A Comparison Between RSMA, NOMA, and SDMA in Cell-Free Massive MIMO Systems: From Secrecy Perspective

Abstract

This paper investigates secure transmission in the uplink of a cell-free massive multiple-input multiple-output (MIMO) system employing three distinct multiple access strategies: rate-splitting multiple access (RSMA), non-orthogonal multiple access (NOMA), and space-division multiple access (SDMA). RSMA, functioning as a unifying paradigm, merges the merits of both NOMA and SDMA, and holds substantial promise for enhancing system secrecy. We derive closed-form expressions for secrecy spectral efficiency (SE) under Rician fading channels and imperfect channel knowledge assumptions. The secrecy SE is subsequently evaluated across a range of system configurations, encompassing varying access point (AP) and user numbers, AP and eavesdropper antenna dimensions, line-of-sight probabilities, successive interference cancellation conditions, and multiple access protocols.

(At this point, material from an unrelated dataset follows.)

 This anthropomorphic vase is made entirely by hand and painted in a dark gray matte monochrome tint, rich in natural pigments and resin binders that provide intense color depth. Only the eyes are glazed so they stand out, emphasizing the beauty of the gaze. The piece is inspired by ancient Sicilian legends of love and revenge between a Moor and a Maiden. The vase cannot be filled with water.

Harnessing these expressions, we establish an optimization framework for the users’ power control coefficients and APs’ receiving weights to maximize the sum secrecy SE while ensuring quality-of-service secrecy requirements for users. Additionally, an alternative optimization algorithm is proposed to ascertain a high-quality solution. Comprehensive simulations substantiate our theoretical propositions and evaluate the efficacy of the proposed sum secrecy SE maximization algorithm.